The more significant feature of this new Sinology is the way it fits with the broader thrust of Australian investment in research and teaching in Asia. The China Studies Centre at The Australian National University was the beneficiary of a generous research grant from the Commonwealth to pursue its research agenda. There is a link between the politics of Australian engagement with the region and the public investment in teaching and research on the program of ‘cultural’ literacy. The implicit rationale of many proponents of increased research investment in the region is underpinned by an amorphous notion of Asia literacy linked to an engagement with, and an understanding of, the distinctive cultural and civilisational foundations of Australia’s key neighbours—such as Japan, Indonesia, China and India—depending on the flavour of the era. Accordingly, this logic suggests that in order to engage more effectively with the region, we need to become more Asia literate. As such, this Asia literacy strategy for building research capacity implicitly favours an area studies approach with an emphasis on the importance of language and culture. Centres for Asian studies, as well as more specific country-oriented institutes, are creatures of the political and institutional circumstances that led to their establishment in the past few decades.
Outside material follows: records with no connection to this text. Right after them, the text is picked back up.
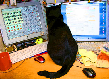 ぶんたろ〜。3階で遊ぼうと呼ぶか、モニタ前で居座るか、寝ているか。行動は簡素。 菅又は多忙。近所の壊れた風呂緊急下見、総取り替え決定、台所も総取り替え決定。 別の・・近所の風呂タイル貼りと流し配管水漏れ直し。 田崎は多忙。11月飾りを作らんと作業なれど、電話電話電話電話訪問訪問。細切れに出たり入ったりしたので・・猫が大騒ぐ。PC作業をしていたのだが、中が重く不調なので・・・細切れ作業と出たり入ったりと・・猫が乗りまくったのでますます不調。 ハードディスク中身を焼いている。でもカレンダ作業などで画像をいちいちDVDから読み込むのは時間喰い。と云ってでかい容量のHDDを買おうとする安直田崎。 首頭痛は治った。やはりマットレスの堅さが問題らしい。しつこく原因追及解決快感。 昼・インスタントタイカレェ、夜・鶏おこわと鰺干物とメロと甘卵焼きと豚醤油と昨日の牡蠣鍋残りと和みセット。 |
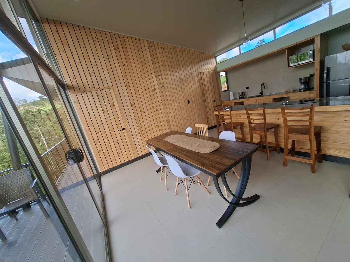 Povucite se u prašumu u udobnu, sigurnu i modernu luksuznu brvnaru, izgrađenu da vam pomogne da se povežete s prirodom i samim sobom. Uživajte u boravku uz potpuno opremljenu kuhinju, fantastično kupatilo sa prilagođenim tušem/hidromasažnom kadom i jedinstven dizajn spavaće sobe. Istražite privatne staze imanja sa 10 hektara primarne prašume sa tukanima, lapasima, kolibrima, leptirima i drugom faunom. Pazite, možda nećete htjeti da odete! Nalazi se u Veneciji de San Karlos, 65 km od aerodroma SJO.
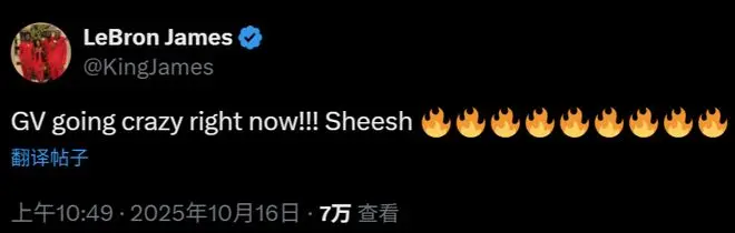 文森特此役出战25分26秒,疯狂命中6记三分得到22分3助攻,尤其是首节不到7分钟狂轰5记三分得到18分,也是让詹姆斯通过社媒夸赞“文森特要疯了”。
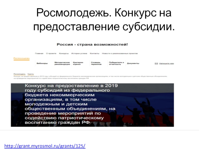 Слайд 6Росмолодежь. Конкурс на предоставление субсидии.
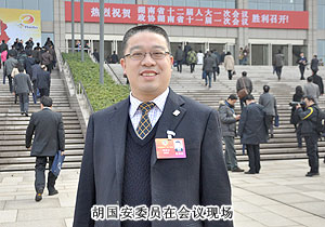 會(huì)議期間,省十一屆政協(xié)委員還集體列席了湖南省第十二屆人民代表大會(huì)第一次會(huì)議,會(huì)議由省委書記周強(qiáng)支持,省長徐守盛代表省人民政府作工作報(bào)告。報(bào)告圍繞經(jīng)濟(jì)發(fā)展、兩型社會(huì)建設(shè)、民生事業(yè)改善等內(nèi)容,對(duì)過去5年進(jìn)行回顧,并就如何推動(dòng)經(jīng)濟(jì)持續(xù)健康發(fā)展、建設(shè)天藍(lán)地綠水凈湖南、為民辦實(shí)事等做出重要部署。此次報(bào)告中有三個(gè)關(guān)鍵點(diǎn):一是加快推進(jìn)新型城鎮(zhèn)化,二是建設(shè)天藍(lán)地綠水凈湖南,三是以創(chuàng)業(yè)帶動(dòng)就業(yè)。值得關(guān)注的是,報(bào)告中提及的這三點(diǎn)與胡國安委員在擔(dān)任第十屆委員期間提交的提案《關(guān)于全力促進(jìn)我省縣域經(jīng)濟(jì)發(fā)展的建議》和本次提交的兩份提案形成了完美的契合、達(dá)到高度的一致。在擔(dān)任第十屆省政協(xié)委員的五年時(shí)間里,胡國安委員始終圍繞我省“四化兩型”戰(zhàn)略,圍繞人民群眾最關(guān)心最直接最現(xiàn)實(shí)的利益問題積極建言謀策,提交的提案《關(guān)于全力促進(jìn)我省縣域經(jīng)濟(jì)發(fā)展的建議》引起廣泛關(guān)注,被湖南衛(wèi)視、湖南經(jīng)視、《湘聲報(bào)》先后報(bào)道,并被評(píng)為“政協(xié)湖南省第十屆委員會(huì)優(yōu)秀委員”。此次,再次當(dāng)選省十一屆政協(xié)委員,胡國安委員經(jīng)過前期充分的考察調(diào)研,向大會(huì)組委會(huì)遞交了兩份提案《加強(qiáng)大氣污染防治工作,優(yōu)化我省環(huán)境質(zhì)量,大力推進(jìn)生態(tài)文明建設(shè)的建議和》、《提升全民創(chuàng)業(yè)質(zhì)量,建設(shè)創(chuàng)業(yè)創(chuàng)新型湖南的建議》,再次受到多家媒體的關(guān)注和與會(huì)委員的廣泛認(rèn)同。提案中,圍繞“生態(tài)湖南、綠色湖南”為出發(fā)點(diǎn),胡國安委員建議科學(xué)制定城市發(fā)展規(guī)劃,優(yōu)化城市區(qū)域功能和產(chǎn)業(yè)結(jié)構(gòu),著力打造瀏陽河生態(tài)風(fēng)光帶,把瀏陽河打造成湖南“賽納河”,加快建設(shè)天藍(lán)地綠水凈湖南。在民生事業(yè)改善方面,胡國安委員深入中小企業(yè)走訪調(diào)查,結(jié)合我省全民創(chuàng)業(yè)現(xiàn)狀,建議創(chuàng)造公平競爭的創(chuàng)業(yè)就業(yè)政策環(huán)境,鼓勵(lì)青年自主創(chuàng)業(yè),以創(chuàng)業(yè)帶動(dòng)就業(yè),大力發(fā)展實(shí)體經(jīng)濟(jì),拓寬融資渠道,建立完善的社會(huì)化服務(wù)體系,提高中小企業(yè)市場競爭力,全面提升我省全民創(chuàng)業(yè)質(zhì)量,促進(jìn)全省經(jīng)濟(jì)社會(huì)持續(xù)、健康發(fā)展。

The Asian Century White Paper (Commonwealth of Australia 2012) is preoccupied with a broad-ranging interest in the institutional and governance reforms of public as well as private institutions for the Asian Century. This is the rub: governance reform is seen in terms of the technocratic engineering of governing institutions to make them more capable of competing in the region. This capability, however, is seen in cultural terms. For example, the White Paper advocates getting senior executives of public and private institutions to speak an Asian language. The report recommends an extensive program of student mobility—a policy adopted by both the Gillard–Rudd governments and the Abbott government—but this mobility is seen in terms of expanding the cultural competence of Australian students. In essence, the White Paper argues that the crucial problem lies in building a set of cultural capabilities that it deems as Asia capability—a concept influenced by the business-backed Asialink centre at the University of Melbourne. The White Paper argues for an increase in ‘the number of workplaces that can attract, use and retain Asia-capable talent—people who have the “knowledge, skills and mindset” for successful engagement in Asia’ (Commonwealth of Australia 2012: 180). The report suggests that, in tandem with this rationale, public investment in teaching and resources is governed by these Asia capability objectives.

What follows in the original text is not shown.